Cześć!
Już jakiś czas temu zdobyłem na pchlim targu Amigę 500, której nie chciał Niemiec. Bardzo ładny komplet - oprócz Amigi dodatkowa stacja dyskietek, myszka, pudło z dyskietkami, kabel Euro i joystick. W samej Amidze rozszerzenie pamięci do 1MB, które w celach diagnostycznych wymontowałem.
Amiga niestety nie startuje. Po podłączeniu do telewizora i włączeniu zasilania w 2/3 przypadków pojawia się czarny ekran (mój telewizor przykrywa brak sygnału niebieską planszą, więc wiem, że oznaka życia jest). Co któryś start nie pojawia się nic, chociaż sam sprzęt zachowuje się tak samo, jak przy czarnym ekranie. Telewizor podłączony jest przez konwerter do eurozłącza, ale na wyjściu mono dzieje się to samo.

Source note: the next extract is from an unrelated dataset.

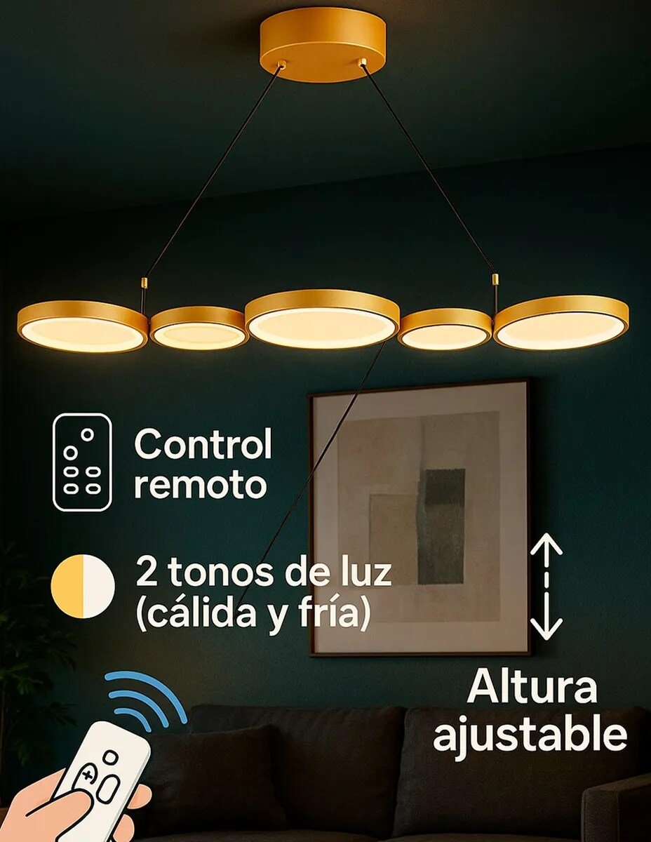 Su fácil instalación en el techo proporciona una iluminación directa y envolvente, ideal para crear una atmósfera acogedora en reuniones familiares o momentos de relax. Con control remoto incluido, puedes gestionar la intensidad de la luz de manera sencilla y cómoda desde cualquier punto de la habitación.
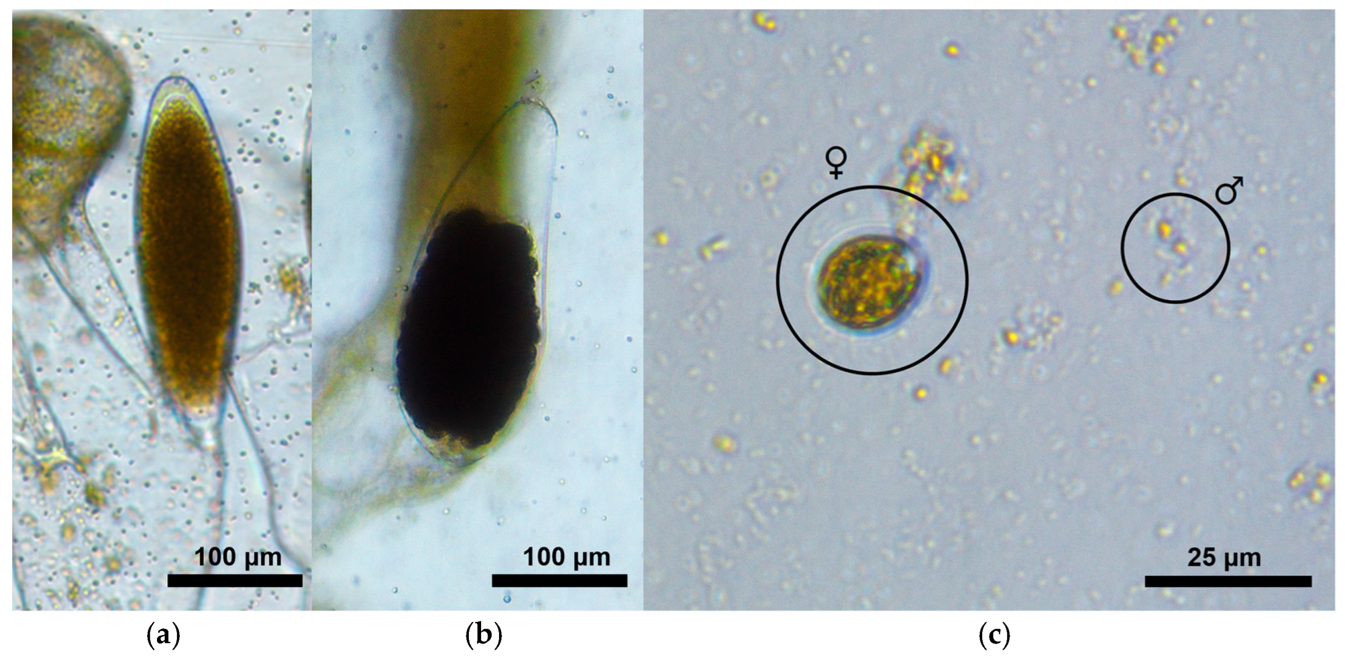 20. Miravalles, A.B.; Leonardi, P.I.; Cáceres, E.J. Female gametogenesis and female gamete germination in the anisogamous green alga Codium fragile subsp. novae-zelandiae (Bryopsidophyceae, Chlorophyta). Phycol. Res. 2012, 60, 77–85. [Google Scholar] [CrossRef]

Po włączeniu zasilania załącza się na moment napęd dyskietek - słyszę krótki ruch głowicy. Po włożeniu dyskietki przez moment też coś się zakręca, ale to by było na tyle z oznak życia. Zewnętrzna stacja dysków dostaje przy starcie sygnał i coś tam się kręci.
2-3 sekundy po włączeniu zapala się czerwona dioda POWER. Klawisz Caps Lock jest wyłączony przy starcie, ale działa, gdy go na przemian wciskam (po 10 razach przestaje się zapalać).
Spróbowałem odpiąć stację dyskietek i odpalić Amigę. Na ekranie wciąż czarno, ale zapaliła się na stałe dioda DISK (zielona). Nic poza tym się nie pojawiło.
Pamiętam że raz udało mi się ją uruchomić, ale to jakiś czas temu. Przeczytała normalnie dyskietkę i weszła do Workbencha. Teraz startowałem ją kilkadziesiąt razy i już nie dała znaku życia.
Dociskałem układy scalone, ale nic poza tym. Boję się wyjmować bez potrzeby w obawie przed przypadkową iskrą
Piszę tutaj zanim wezmę do ręki lutownicę i zacznę przelutowywać podstawki pod układy, może ktoś rozpozna podobny do swojego problem i powstrzyma mnie, zanim będzie za późno :) Z góry dzięki!